The operations we can use are



*   `stack` rotate or pivots from the columns in the data to the rows
*   `unstack` privots from the rows into the columns



In [None]:
data = pd.DataFrame(np.arange(6).reshape((2, 3)),
    index=pd.Index(['Ohio', 'Colorado'], name='state'),
    columns=pd.Index(['one', 'two', 'three'],
    name='number'))
data

Using the `stack` to pivot the columns into the rows, produce a serie from the data frame



```python
result = data.stack()
result
```

from hierachically indexed Series, we can rearrange into a DataFrame with `unstack`
```python
result.unstack()
```

By the default the innermost level is unstacked, we can unstadck the different level by pasing the level name.
```python
result.unstack('state')
```

unstack may introduce the missing data if all of the value in the level is ont found in each group

In [None]:
s1 = pd.Series([0, 1, 2, 3], index=['a', 'b', 'c', 'd'])
s2 = pd.Series([4, 5, 6], index=['c', 'd', 'e'])
data2 = pd.concat([s1, s2], keys=['one', 'two'])
data2

try to do unstack
```python
data2.unstack()
```

Stacking filter out the missing data by default, to preseved the na when unstack `dropna=False ` is required
```python
data2.unstack().stack()
```

when using the dropna
```python
data2.unstack().stack(dropna=False)
```

When you unstack in a DataFrame, the **level unstacked** becomes the lowest level in the result
```python
df = pd.DataFrame({'left': result, 'right': result + 5},
                  columns=pd.Index(['left', 'right'], name='side'))
df
```

try
```python
df.unstack('state')
```

we may use the state to stack the side
```python
df.unstack('state').stack('side')
```

# Work

From the three files provided [here](https://github.com/jakevdp/data-USstates/)

1. Bind all data to get the data frame which have the state/ abbreviation, and area(sq.mi)
2. Bind the data to get the State, age, and population
3. Create the multiple hierachy dataframe, which contains the age as sub hierachy.
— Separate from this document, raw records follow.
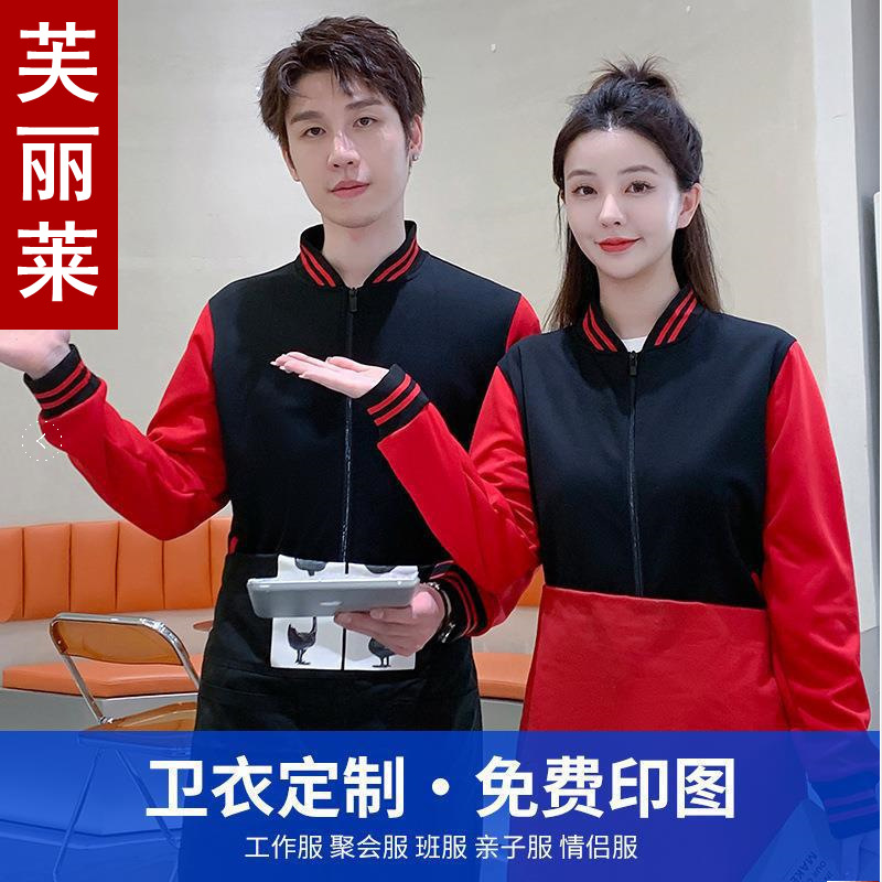 Pelayan lengan panjang musim gugur dan musim dingin sweter Cina dan Barat restoran hot pot restoran prasmanan kantin memanggang pria dan wanita T-shirt overall
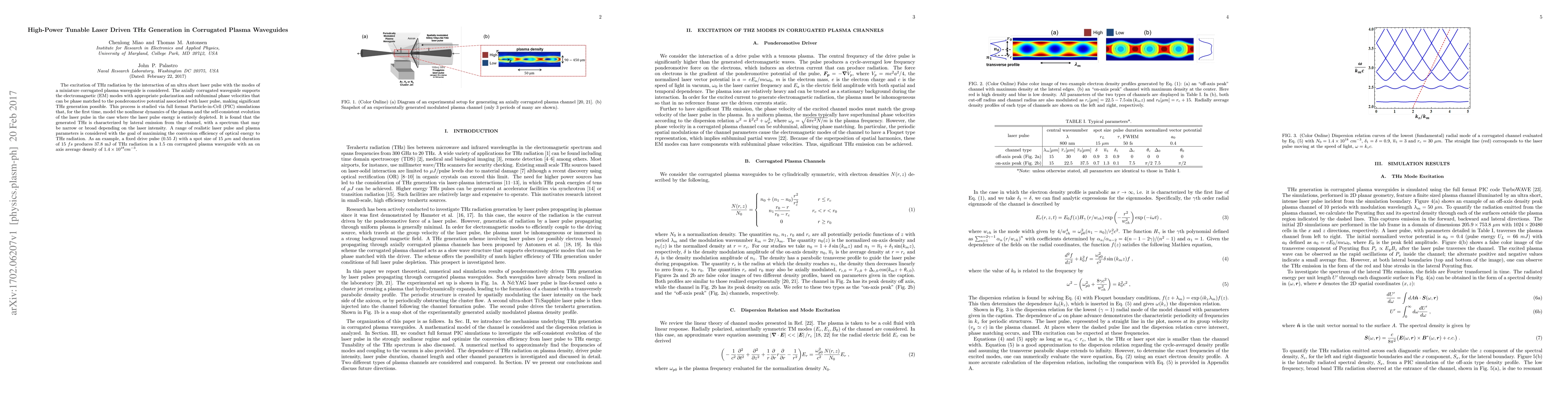 This paper investigates the generation of THz radiation via ultra-short laser pulses interacting with corrugated plasma waveguides, achieving high-power, tunable THz emission through nonlinear dynamics modeled by Particle-in-Cell simulations. The study finds that the waveguide's EM modes enable efficient, tunable THz generation with a spectrum dependent on laser intensity.
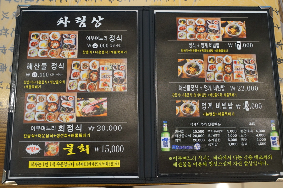 멍게+멍게비빔밥 17,000원, 해산물+멍게비빔밥 22000원,
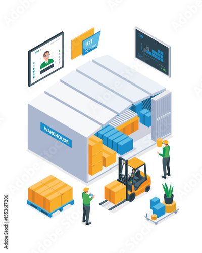 Isometric warehouse illustration showing logistics management with forklift, workers, boxes, pallet, and IoT system.
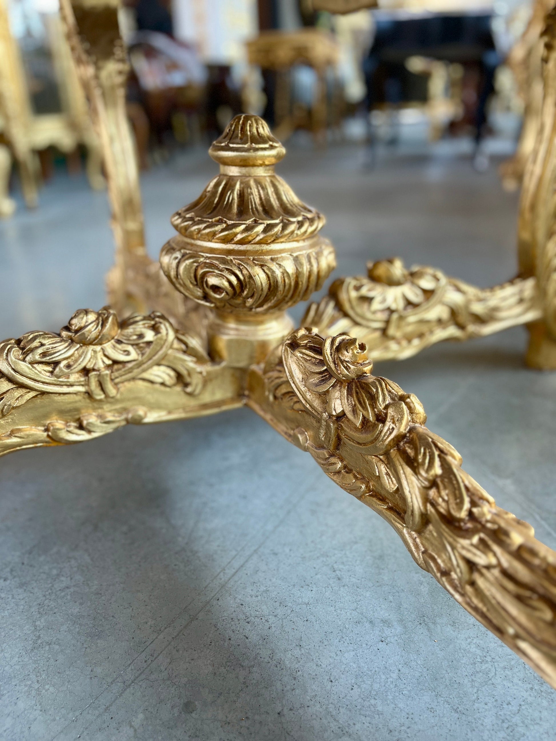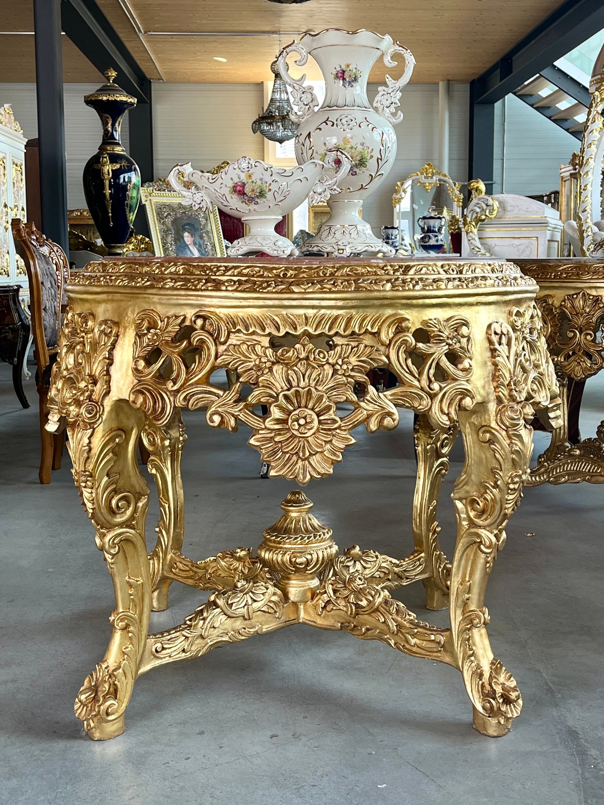 The detailed carvings with floral and tendril patterns as well as the curved legs give the table an elegant and majestic look. The craftsmanship makes this table a real eye-catcher.
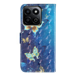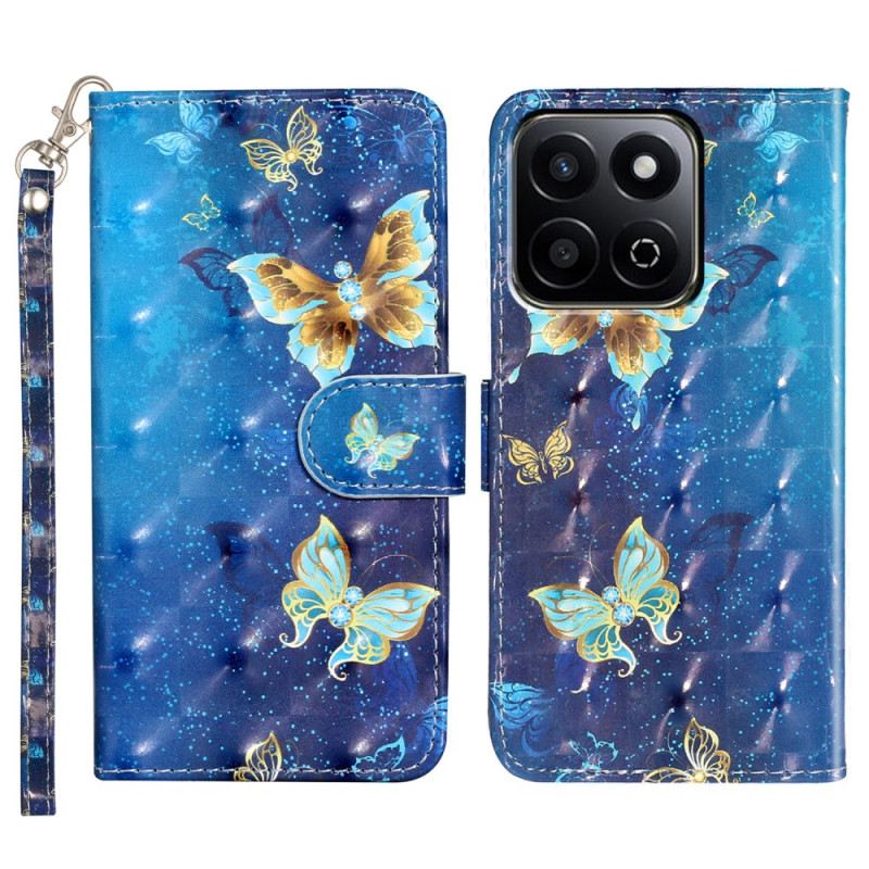 Suojaa Honor X7c 5G / 4G / 200 Smart 5G -puhelimesi tyylikkäästi tällä lompakkokotelolla, jossa on kulta-sininen 3D-perhoskuvio. Siinä on korttipaikat, säädettävä jalusta ja turvallinen magneettisuljenta, ja siinä yhdistyvät tyyli ja toiminnallisuus. Toimitetaan irrotettavalla käsihihnalla.
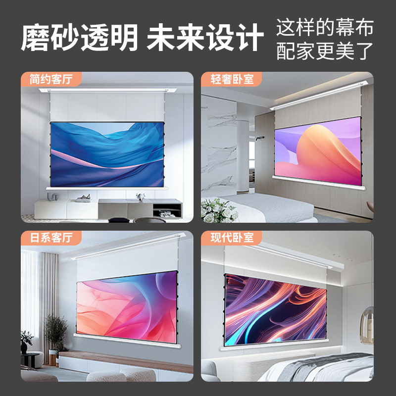 VIMSA嵌入式投影幕布隐藏式电动悬浮幕布适用小米当贝极米爱普生家用高清联动升降菲涅尔抗光幕布天花隐藏幕
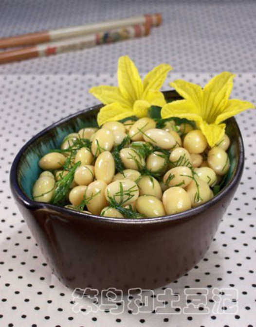 二、把茴香切碎,拌入熟黄豆中,调入适量油、盐拌匀即可
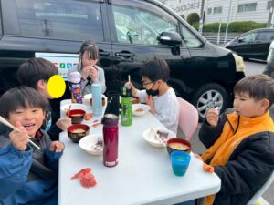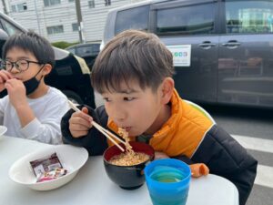 レクで練習したお箸を使ってラーメンを食べました!
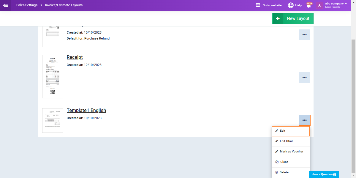 Click on the three dots next to the layout you want to add the QR Code to, then click on ‘Edit‘ from the dropdown menu.
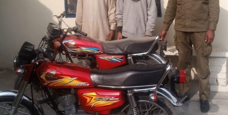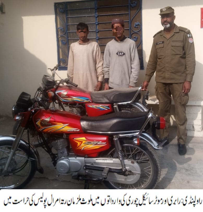 راولپنڈی ( )ایس ایچ او رتہ امرال چوہدری ریاض کی ہمراہ پولیس ٹیم کاروائی، رابری اورموٹرسائیکل چوری کی وارداتوں میں ملوث02ملزمان گرفتار، چھینا گیاموٹرسائیکل اور چوری شدہ موٹرسائیکل برآمد۔تفصیلات کے مطابق رتہ امرال پولیس نے کاروائی کرتے ہوئے رابری اورموٹرسائیکل چوری کی وارداتوں میں ملوث 02ملزمان محمد سجاد اورلطیف کو گرفتارکرلیا، ملزمان سے چھینا گیا موٹرسائیکل اورچوری شدہ موٹرسائیکل برآمد ہوا، ایس پی راول فیصل سلیم کا کہناتھاکہ موٹرسائیکل چوری کی روک تھام کے لیے موثر اقداما ت کیے جارہے ہیں۔
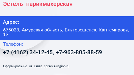Эстель+, парикмахерская по адресу 675028, Амурская область, Благовещенск, Кантемирова, 19 в дальнейшем Организация, размещена в следующих категориях:
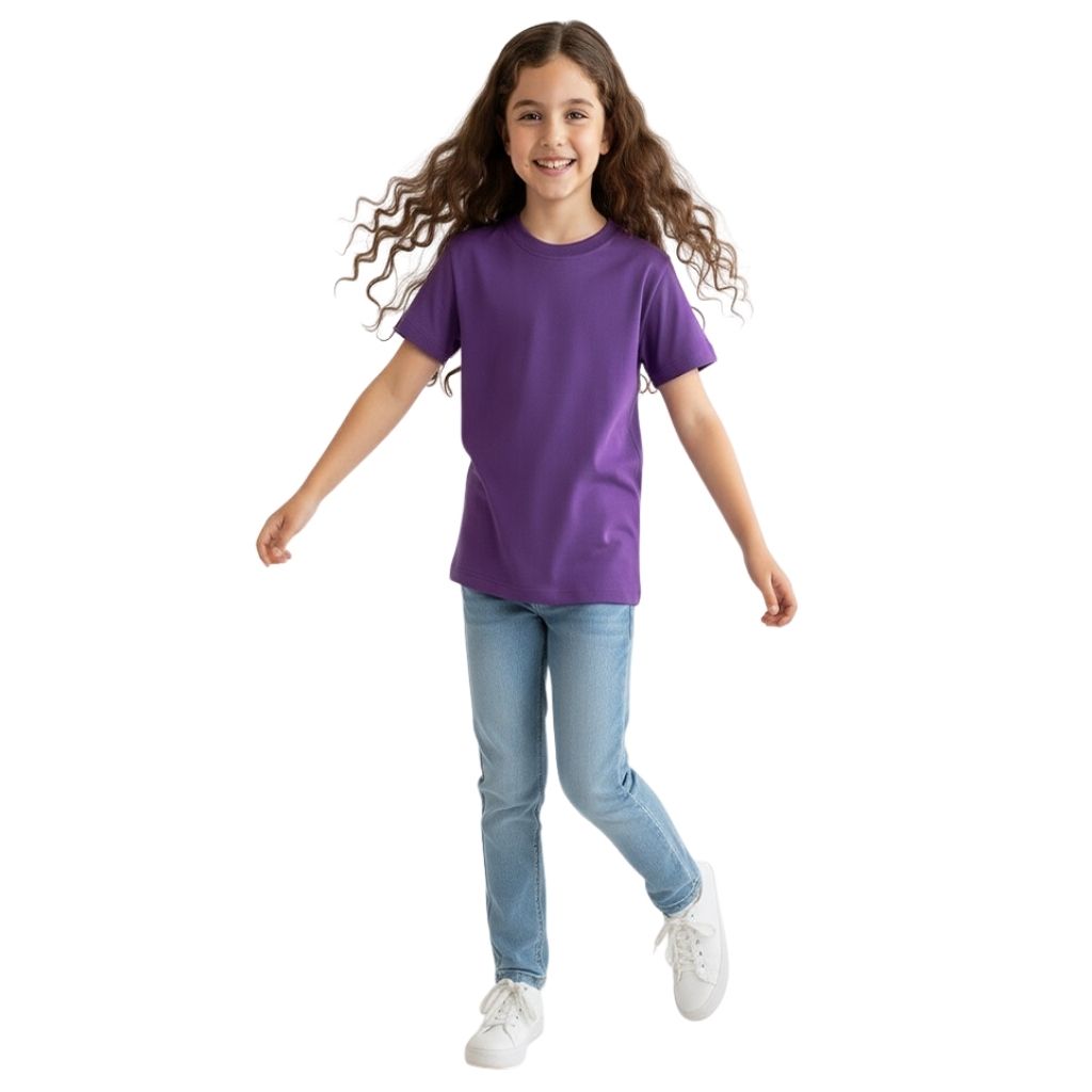 Destaque o visual dos pequenos com a Camiseta Roxa Infantil Unissex, perfeita para quem adora cores vivas e muita atitude! Confeccionada em 100% algodão de qualidade, essa peça proporciona conforto extremo, toque macio e excelente respirabilidade, ideal para o dia a dia, passeios e momentos de pura diversão.
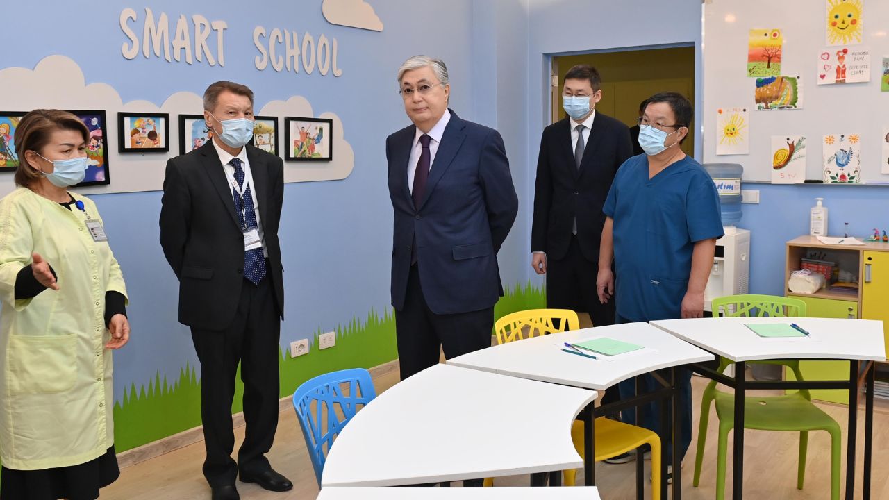 Мемлекет басшысы балаларға мектептегі оқуын жалғастыра отырып, емді үзіліссіз алуға мүмкіндік беретін Smart Classrooms ауруханалық қызметімен танысты. Балалар мектеп бағдарламасына сәйкес математика, тарих және басқа да пәндерді оқи алады. Сонымен қатар, кішкентай ем алушыларға музыкалық терапия сеанстары, аудиоертегілер, түрлі шығармашылық ойындар, шахмат ұсынылады.
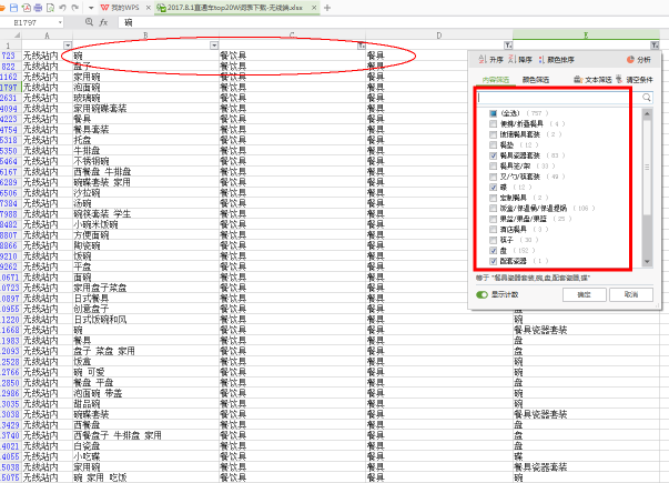 當(dāng)然還一個(gè)方法就是利用提高質(zhì)量分來(lái)降低平均點(diǎn)擊花費(fèi),但是我們能控制的是它的相關(guān)性和創(chuàng)意質(zhì)量。相關(guān)性我之前寫(xiě)過(guò)圖文怎么去解決相關(guān)性的問(wèn)題,無(wú)非是查看寶貝類目和關(guān)鍵詞是否是相符的,當(dāng)然我們用寶貝推詞的時(shí)候就能看到相關(guān)性,選相關(guān)性高的詞去添加是最好的,如果覺(jué)得詞不夠,可以去下載top20W詞表,我們點(diǎn)擊篩選按鈕。選擇自己寶貝本身的一級(jí)類目和二級(jí)類目再選符合的關(guān)鍵詞。再添加會(huì)相關(guān)性方面很高,質(zhì)量分不會(huì)太低。

The column should be the year and population, and the year must be order.


1. Bind all data to get the data frame which have the state/ abbreviation, and area(sq.mi)

2. Bind the data to get the State, age, and population

3. Create the multiple hierachy dataframe, which contains the age as sub hierachy. The column should be the year and population, and the year must be order.